* [Material for this task]

────────────────────────────────────────

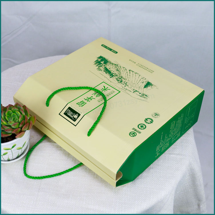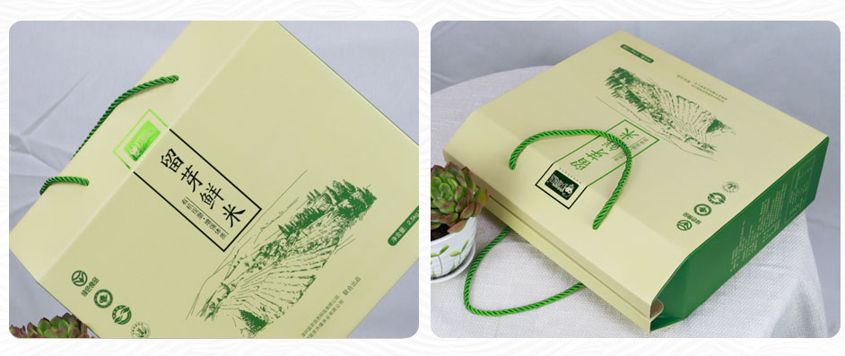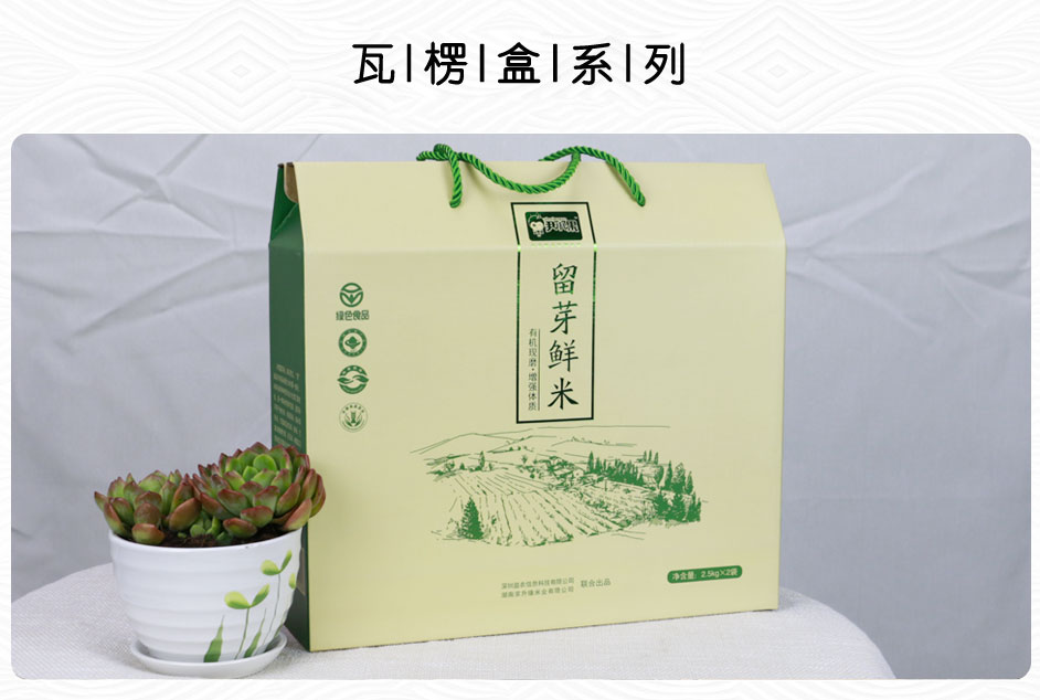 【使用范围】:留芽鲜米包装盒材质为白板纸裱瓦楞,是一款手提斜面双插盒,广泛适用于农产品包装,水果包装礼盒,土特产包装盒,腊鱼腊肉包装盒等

────────────────────────────────────────

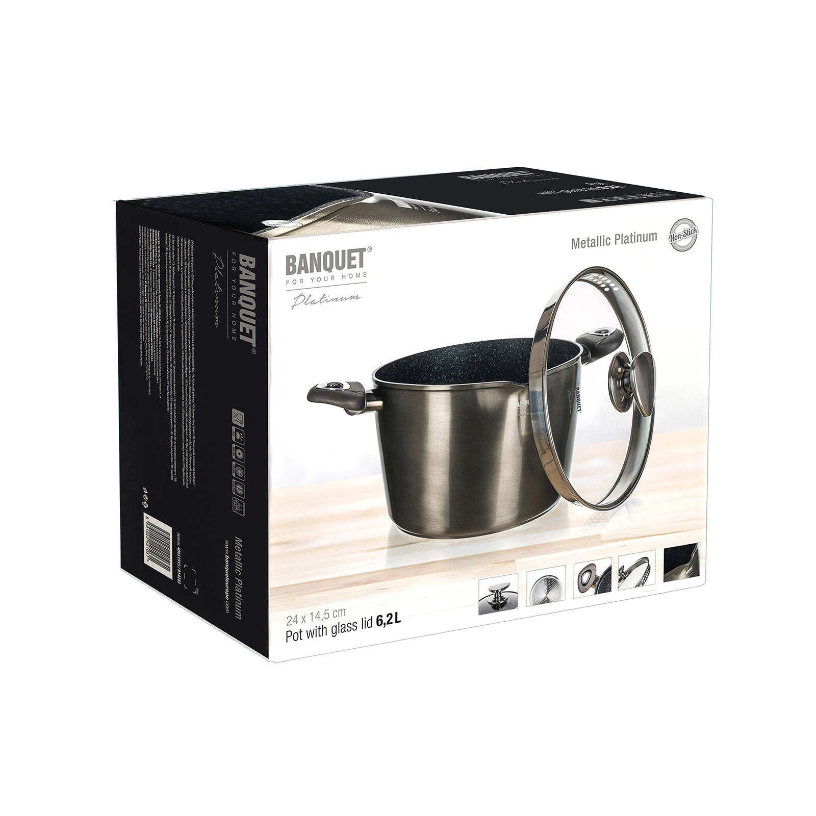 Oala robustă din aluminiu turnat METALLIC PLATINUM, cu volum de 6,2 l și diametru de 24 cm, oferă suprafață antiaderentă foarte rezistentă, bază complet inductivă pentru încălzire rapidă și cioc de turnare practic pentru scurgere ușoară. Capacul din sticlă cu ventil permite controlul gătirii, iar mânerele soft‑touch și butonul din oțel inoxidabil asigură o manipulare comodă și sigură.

────────────────────────────────────────

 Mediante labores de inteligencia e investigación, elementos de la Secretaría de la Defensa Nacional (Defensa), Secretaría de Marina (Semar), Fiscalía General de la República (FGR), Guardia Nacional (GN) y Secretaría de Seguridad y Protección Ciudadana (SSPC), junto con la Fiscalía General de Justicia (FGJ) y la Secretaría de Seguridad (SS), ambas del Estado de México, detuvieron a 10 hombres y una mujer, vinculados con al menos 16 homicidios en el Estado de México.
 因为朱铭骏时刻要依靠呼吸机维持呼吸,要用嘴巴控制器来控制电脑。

────────────────────────────────────────

* [Work item]
Looking at the records above, return exactly the lines from the line with "Mediante labores de" to the line with "因为朱铭骏时刻要依靠呼吸机维持呼吸,要用嘴巴控制器来控制电脑。", both ends included.

* [Completed task]
 Mediante labores de inteligencia e investigación, elementos de la Secretaría de la Defensa Nacional (Defensa), Secretaría de Marina (Semar), Fiscalía General de la República (FGR), Guardia Nacional (GN) y Secretaría de Seguridad y Protección Ciudadana (SSPC), junto con la Fiscalía General de Justicia (FGJ) y la Secretaría de Seguridad (SS), ambas del Estado de México, detuvieron a 10 hombres y una mujer, vinculados con al menos 16 homicidios en el Estado de México.
 因为朱铭骏时刻要依靠呼吸机维持呼吸,要用嘴巴控制器来控制电脑。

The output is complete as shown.